According to the findings of a new investigation released Friday by House Democrats, drug companies are deliberately targeting the United States to raise prices and game the patent system to delay generic competition in a way that is "unsustainable, unjustified, and unfair to patients and taxpayers."
The inquiry focused on ten businesses that provide 12 of the most costly pharmaceuticals to Medicare, including insulin, and discovered that their costs had increased by more than 250 percent.

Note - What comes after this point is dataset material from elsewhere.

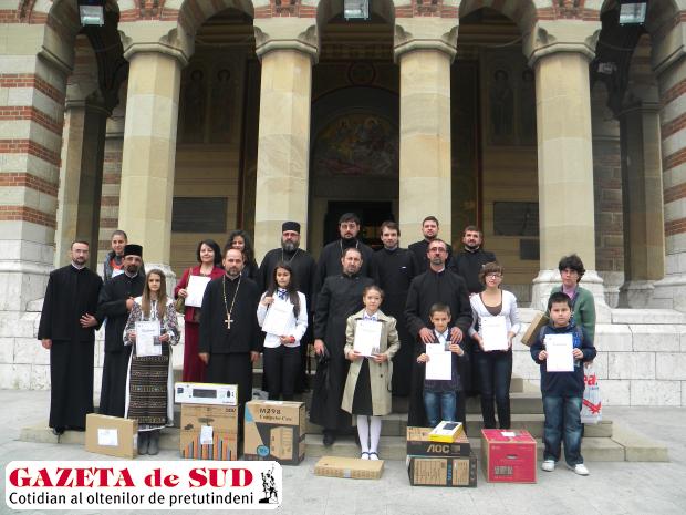 Catedrala mitropolitană „Sfântul Dumitru” din Craiova a găzduit astăzi (vineri, 12 octombrie) festivitatea de premiere în cadrul Concursului naţional de creaţie literară „Şcoala din tinda bisericii”, faza pe Arhiepiscopia Craiovei (judeţele Dolj şi Gorj), organizat prin Biroul de învăţământ, activităţi cu tineretul şi catehizare. Astfel, în urma deliberării, juriul a ales din cele 54 de lucrări înscrise în concurs, nouă câştigători pe secţiunile Literară, Artistică şi Multimedia, după cum urmează: Mihnea Cristian Stancu, Diana Ştefania Croicu şi Bianca Sîbu – locul I, Rodica Constantin, Răzvan Ciort şi Camelia Volitiru – locul II, Alexandra Catană, Ana-Smaranda Ruşinaru şi Elvira Chibzuloiu – locul III. Tinerii au fost premiaţi cu laptopuri, tablete şi desktopuri, oferite de Patriarhia Română, în parteneriat cu Organizaţia World Vision, în cadrul proiectului catehetic „Alege şcoala!”. „Biserica a fost dintotdeauna strâns legată de scoală iar şcoala a fost produsul Bisericii. Dacă aici au învăţat cărturari, caligrafi şi muzicieni deosebiţi, este rolul Bisericii, al dascălilor care au fost înaintea noastră. De aceea niciodată să nu uităm să îi pomenim pe înaintaşii noştri şi să rugăm pe Bunul Dumnezeu să înmulţească talantul pe care vi l-a daruit. Aceste premii sunt o recunoaştere a valorilor pe care le aveţi de acum şi care cu siguranţă se vor materializa mai târziu în lucrări care să dăinuiască şi să ne aducă aminte că aici, din Şcoala din tinda Bisericii, aţi pornit către afirmare în viaţă”, le-a spus elevilor părintele Vladimir Dărângă, ecleziarhul Catedralei mitropolitane „Sfântul Dumitru” din Craiova.

The House Oversight and Reform Committee's 269-page report is the result of a three-year investigation launched by the late Rep. Elijah Cummings (D-Md.), the committee's chairman until he died in 2019.
Internal strategy documents, interactions among top executives, board materials, and nonpublic pricing data were among the items analyzed, according to staff.
The study is "misleading," according to Debra DeShong, executive vice president for public relations at the industry trade organization PhRMA since it “fails to address abusive practices by insurance companies and middlemen who profit off a broken system while patients can’t afford their medicines.”
The findings are intended to refute the pharmaceutical industry's assertions that higher costs are required to support the research and development of new drugs.
Furthermore, Democrats aim to use the inquiry as a pretext for the Senate to adopt a social spending measure that has already passed the House of Representatives and would empower the Medicare health insurance program to negotiate prescription prices.
If this $1.75 trillion package is passed, insulin spending would be restricted to $35 per month, and Medicare will be able to charge a person more than $2,000 per year for medications.